医師が患者の病状を判断したり治療方針を決めたりする時に、なくてはならないのが診療放射線技師の行う放射線を利用した様々な検査です。
レントゲン写真の撮影をはじめ、X線やエコーなどの検査により患者の状態を正確に判断することができます。
診療放射線技師の仕事は裏方の仕事のように思われがちですが、MRI検査の資格など専門的な資格を取得しながらキャリアアップを目指すこともできることから、医療の現場において今後も需要が高まっていくことが期待されています。
診療放射線技師になるために…大学と専門学校の違い
診療放射線技師になるためには、高校を卒業後に4年制大学もしくは3年制の専門学校および短期大学を修了し、診療放射線技師国家試験に合格しなければなりません。
試験の合格率を見ていくと、大学と専門学校の卒業者を比べても国家試験の合格率が大幅に変わるということはほとんどないと言えます。
例年、診療放射線技師国家試験には約2500人~3000人の受験者がいますが、合格率は平均約7割となっていて、その7うち約9割が新卒者というデータが出ています。これは、大学・専門学校ともに学校を卒業と同時にストレートで国家試験に合格する人が多い結果だと言えます。
しかし、ひとつ注意すべき点があります。それは診療放射線技師国家試験に合格していなければ、就職の内定があったとしても取り消しになる可能性もあるという点です。
試験の難易度としてはそこまで高い分野ではありませんので、しっかりと対策を行えば、合格できる可能性が高いと言えます。
臨床検査技師になるために…専門学校は実習重視!
診療放射線技師を専門的に育てる専門学校ですので、授業の内容も実践に即しており実習の内容も充実しています。
入学から3年で卒業・合格すれば最短で社会に出て即戦力として働けるので、就職面で見ると有利な場面が多いこともありますし、専門学校卒業の生徒を積極的に採用している病院もあるほどです。
しかし、初任給を見てみると4年制大学の既卒者より若干少なくなる方が多くなりますが、年齢別でみると変わるので、給与の面ではそこまで大きな違いはないと言えます。
もちろん、昇進・昇給などは4年制大学の既卒者のほうが好条件になることが多い上に、役職者を希望する方や、年齢が上がった際にある程度の給与が欲しいと考えている方は、違いが出るということを予め覚えておく必要があります。
また、転職活動においても別分野で活躍をしたいと考えたときに、新しい仕事に就職するのが4年制大学の既卒者と比べて難しくなる可能性があります。
診療放射線技師になるために…大学を選択するメリット
専門学校は比較的入学しやすいと言われていますが、大学でも特に国立を選択する場合、センター試験の5教科受験が必要になるため、入学するのは簡単ではないと言えます。

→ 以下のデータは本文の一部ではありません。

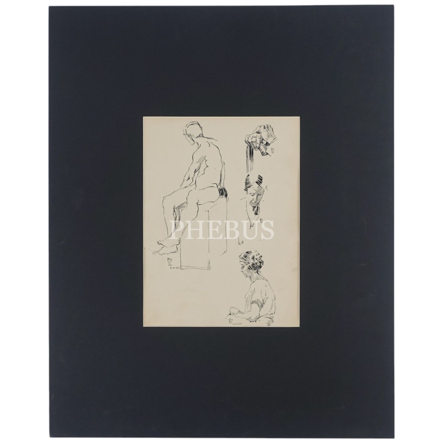 İhap Hulusi´nin 1922 ve 1923 senelerinde çizdiği, meşhur üçgen imzasını taşıyan 3 adet orijinal eskiz, eskizler 24x30 cm...
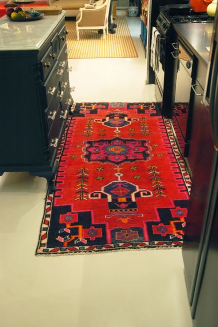 She had this great little rug: from in her New York kitchen. See what I mean? With a less traditional pattern, that is more graphic and “chunky” it really makes this space come alive!
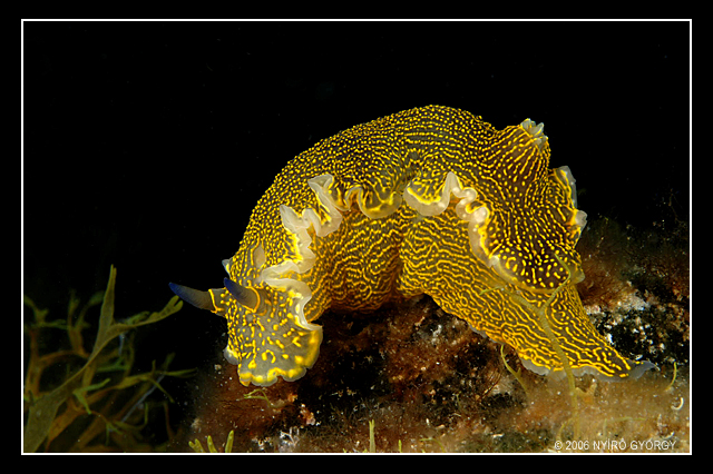SárgaságNIKON D80 f 22 1/60 sec Utolsó merülésünk utolsó perceiből. Pont találtam - végre- egy nyálkás halat amikor méterekre tőlem Pisti eszeveszett módon nekiáll fotózni. Kíváncsiságom csak nem hagyott nyugodni, odamentem. Ez a kb 6-8cm-es csillag-csiga díszelget István gépe előtt. Alapos munkája után átadta a terepet nekem is. Köszönet érte!
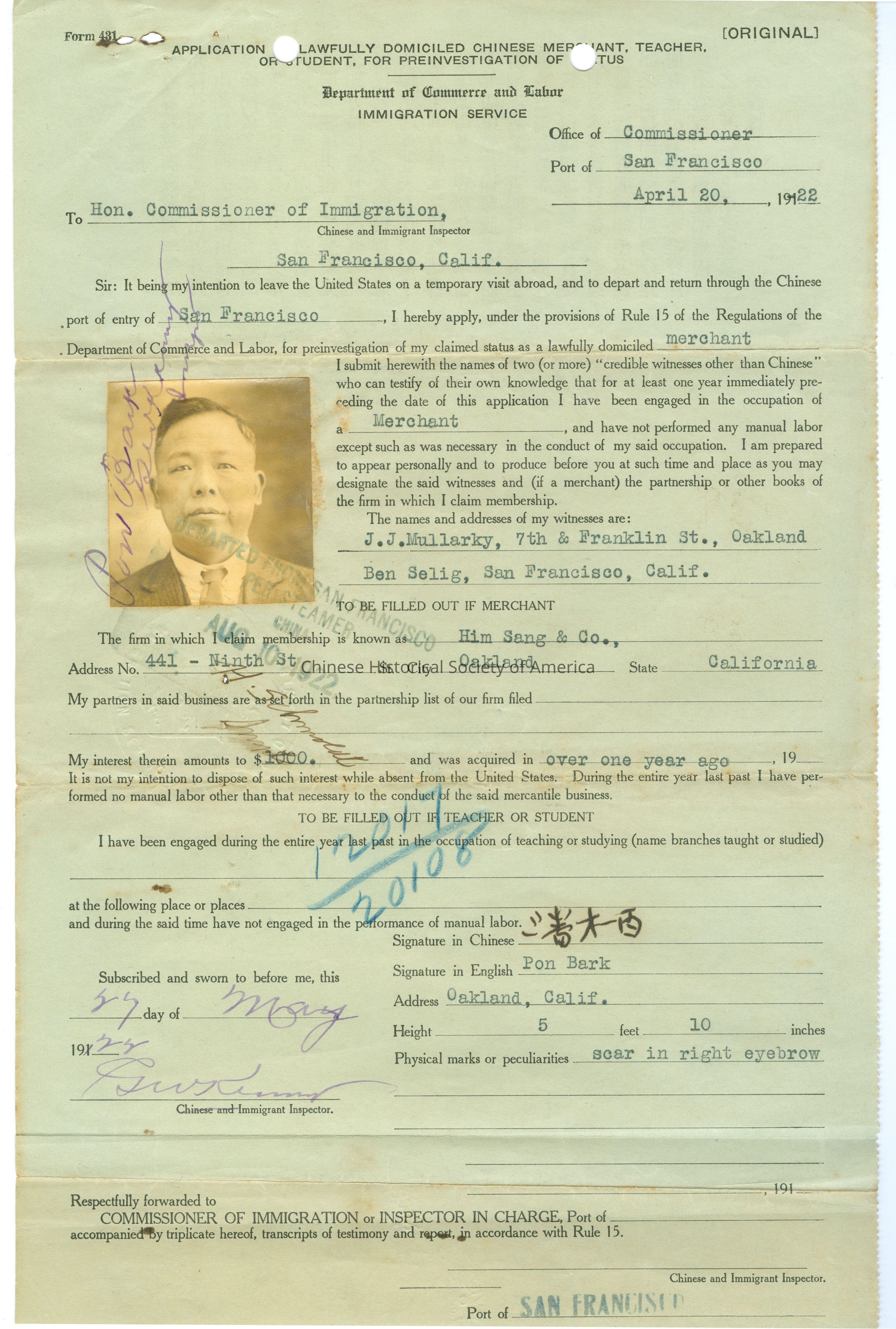 The document is a form of Application of Lawfully Domiciled Chinese Merchant, Teacher, or Student, for Reinvestigation of Status in 1922. Pon Bark, the applicant, applied to travel aboard and reenter the US through the Chinese port of entry of San Francisco. Pon Bark was claimed a merchant, living in Oakland, CA, and to own a business of Him Sang & Co. in Oakland. The document tells a story of a Chinese immigrant in 20s and provides information of immigration policy to American Chinese in 1920s in San Francisco.
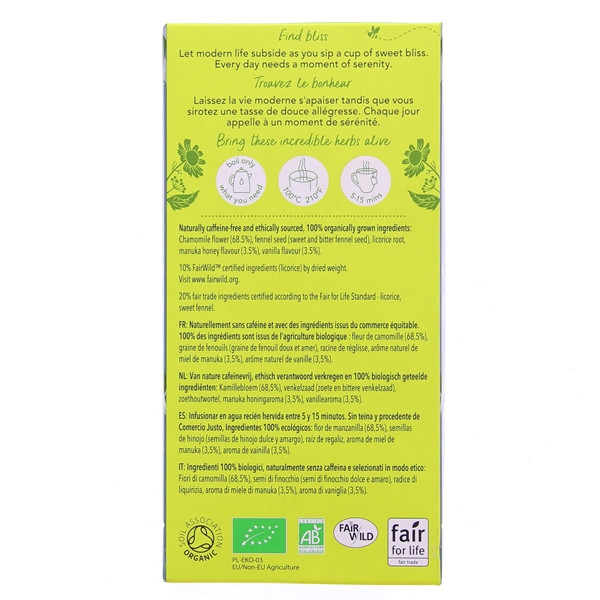 L’infusion Camomille, Vanille & Miel de Manuka Bio est conditionnée en boîte de 20 infusettes sans plastique.

しかし、入学費用は専門学校に比べるとかなり安くなるので、受験者は毎年多くいます。
大学では4年間全て診療放射線技師の勉強をするわけではありません。1年目は一般教養、2年目には専門分野など、様々な分野の授業が選択できるのが特徴です。同じ診療放射線技師でもさらに専門分野で分かれて勉強できるなど、専門性を高めていきたい方には合っているでしょう。

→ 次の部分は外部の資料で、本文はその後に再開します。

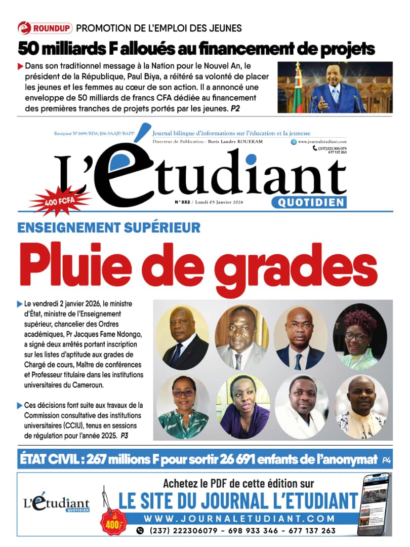 Photos. Les journaux du Cameroun du lundi 05 janvier 2026
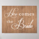 Country chic, rustic and barn wedding "Here comes the bride" sign. Great for flower girls and ring bearer. Take out the wood grain to get a simple black background, or look for the chalkboard version in our shop. Add a special touch to your wedding, more wedding signs in our shop: http://www.zazzle.co.uk/designbyredline/gifts?cg=196521080171907543
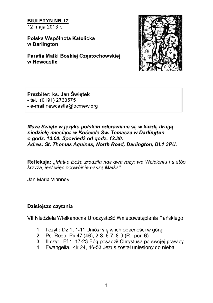 1 BIULETYN NR 17 12 maja 2013 r. Polska Wspólnota Katolicka w
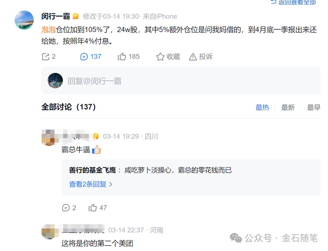 其实,省大可能只是开胃菜,金石杂谈还发现,另一位雪球大V则更显悲怆。据其爆料,个人泡泡仓位105%,24万股,5%仓位还是从老妈那借的。也就是说今日大跌前,这24万股价值大约5000万,妈妈那资金额有250万。如果消息为真,经此一役,闵行单日亏了1000万,给妈妈亏了50万。
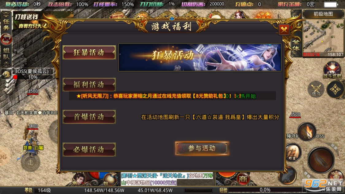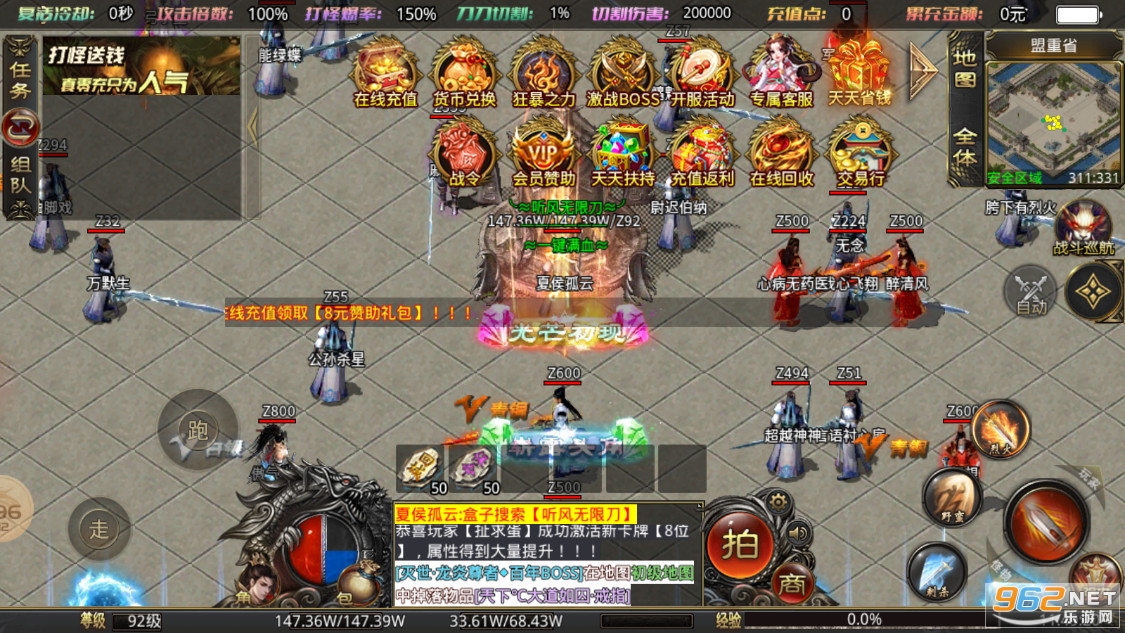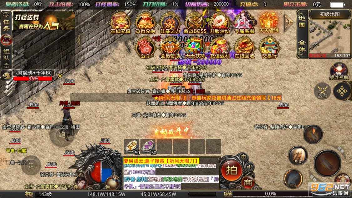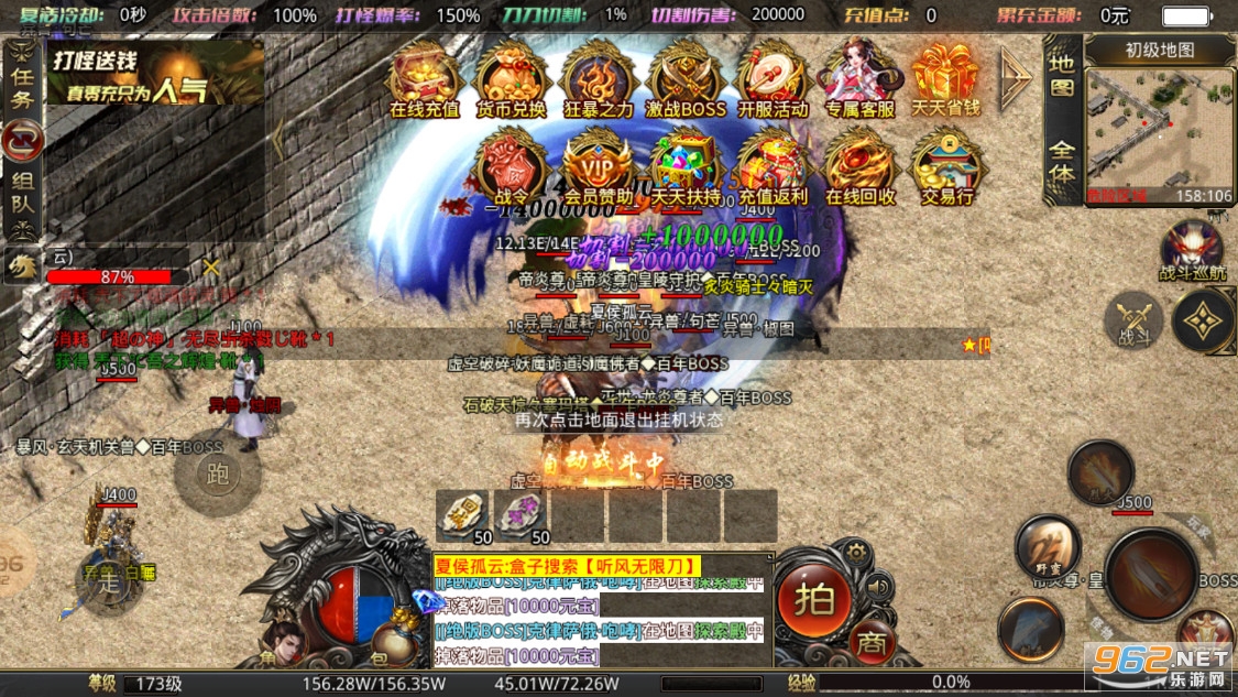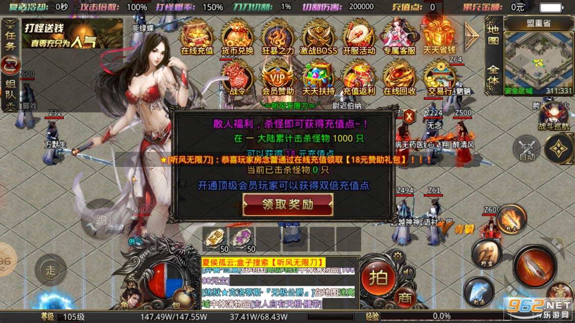 1、全屏拾取、自动回收上线就送、白p可畅玩本服!
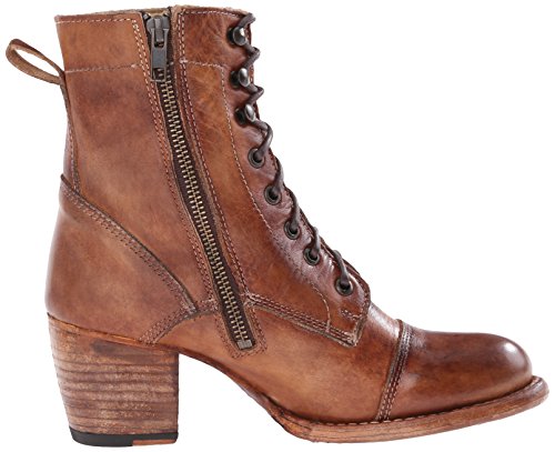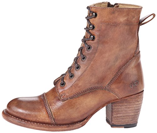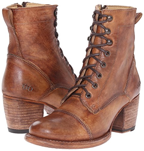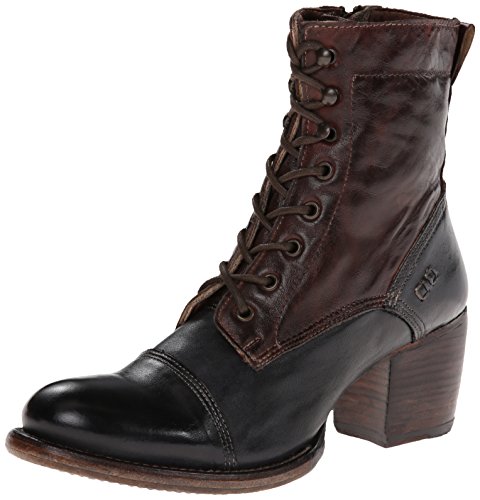 Lace-up combat style in vintage wash with cap-toe stitching and stacked heel
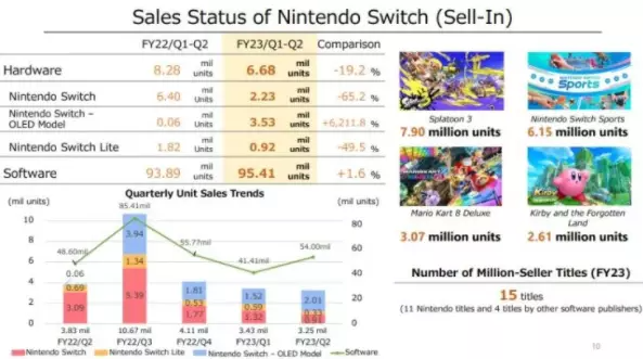 在上半年,任天堂的净销售额、净利润大约为6569亿和2304亿日元,同比分别上升了5%和34%。而在截至9月30日的三个月里,《斯普拉遁3》(Splatoon 3)的销量达到790万份,并已经成为有史以来卖得最快的Switch游戏。当季度内,《Nintendo Switch Sports》、《马力欧赛车8豪华版》和《星之卡比:探索发现》(Kirby and the Forgotten Land)分别卖出了615万、307万和261万份,在Switch主机上的销量排名第2到第4。

さらに勉強を続けたいという場合には、更に大学院に進学するという方もいるほどです。
就職面で見ると、初任給は専門学校よりも高くなる場合が多く見られます。さらに昇給・昇進でも4年制大学の既卒は有利と言われているので、キャリアを考えている人にとっては大学での進学は必要不可欠だと言えるでしょう。
診療放射線技師になるためには、専門学校または大学を修了後、診療放射線技師国家試験に合格しなければ働くことは認められません。

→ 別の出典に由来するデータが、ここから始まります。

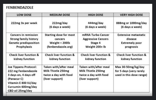 ★ Consider adding fenbendazole 222 mg five days a week, especially if you are in a dire situation or are stage 4. I buy it at Fenbenlab.com. This drug keeps working, shows no tolerance, and has many anti-cancer mechanisms of action. It seems to synergize with ivermectin. If your liver function is poor, consider lower doses. The following is one source but do your research.
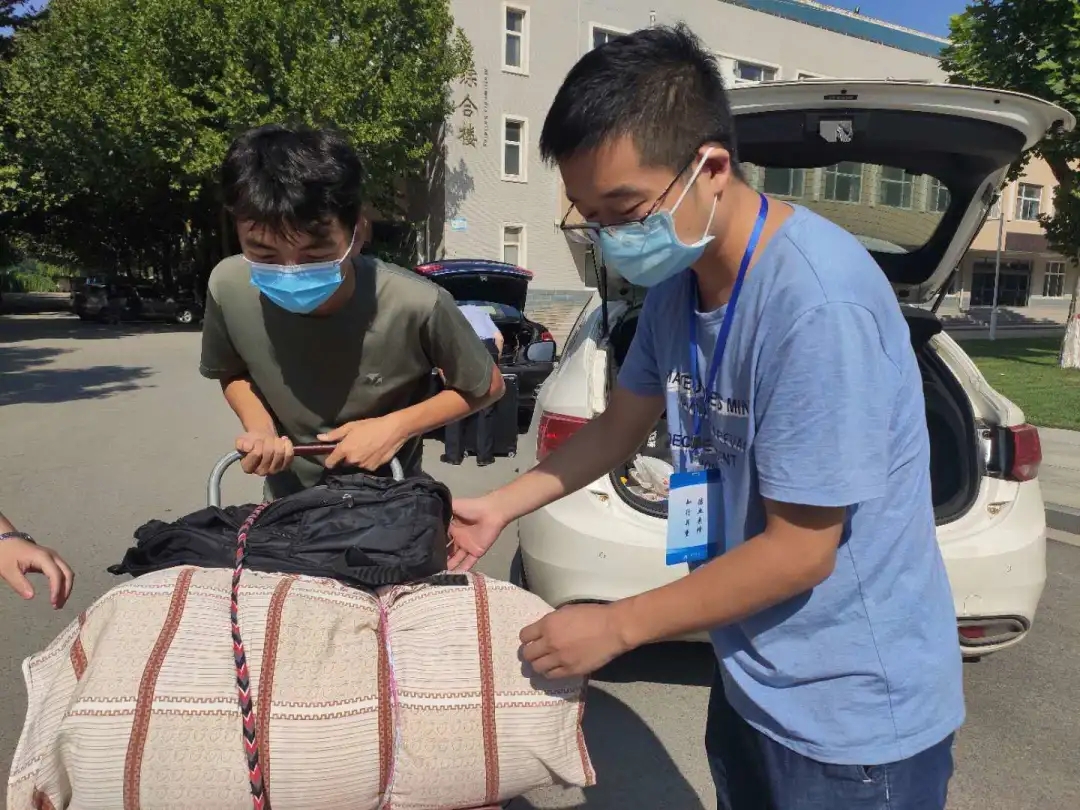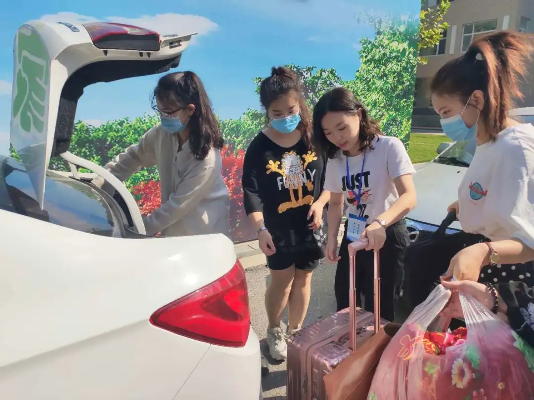 由于疫情防控的原因,送员工的私家车不准驶入校园。员工们在出示核酸检测合格报告和健康绿码之后,带着大大小小的行李进入校园。从公司大门口到员工宿舍,有一公里多的路程。尽管两辆大巴、三辆电瓶车不间断帮员工运送行李但仍旧会有一些员工在大门口等待。公司党总支组织党员志愿服务活动,号召党员教师和青年教师积极参与。同时,已返校的员工党员也参与了志愿服务。
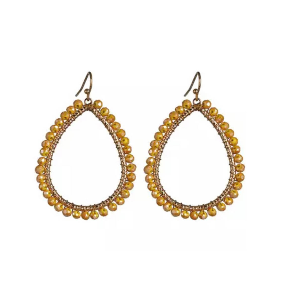 Druppel oorbellen dun kralen cognac
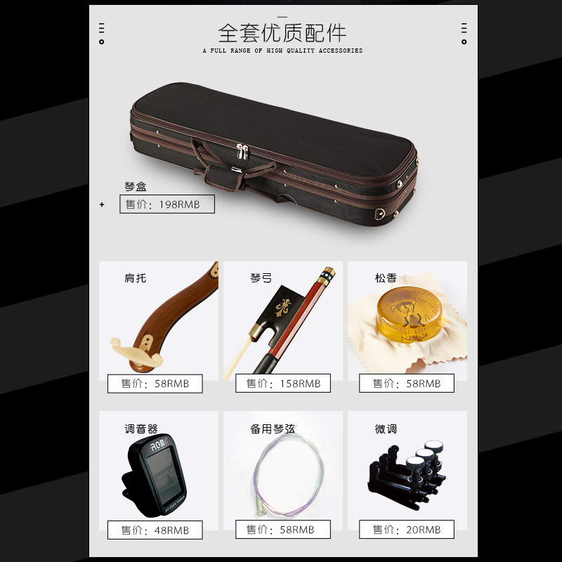 Zoryan Italian Craft Handmade Solid Wood Professional Beginner Exam Grade Performance Grade Single Board Violin

最近では、ガン患者の早期発見・早期治療を目的とした高度な放射線治療ができる技師が求められているので、診療放射線技師として専門的な資格の取得者が望まれています。
患者を直接診察することはありませんが、様々な観点から検査を行い医師の診察を陰ながらサポートすることができるよう、日々進歩していく医療の分野においてなくてはならない存在となっていくことでしょう。
そして専門性を高めることが患者の命に係わる重大な仕事となり、自身の活躍の場を広げることにも繋がっていきます。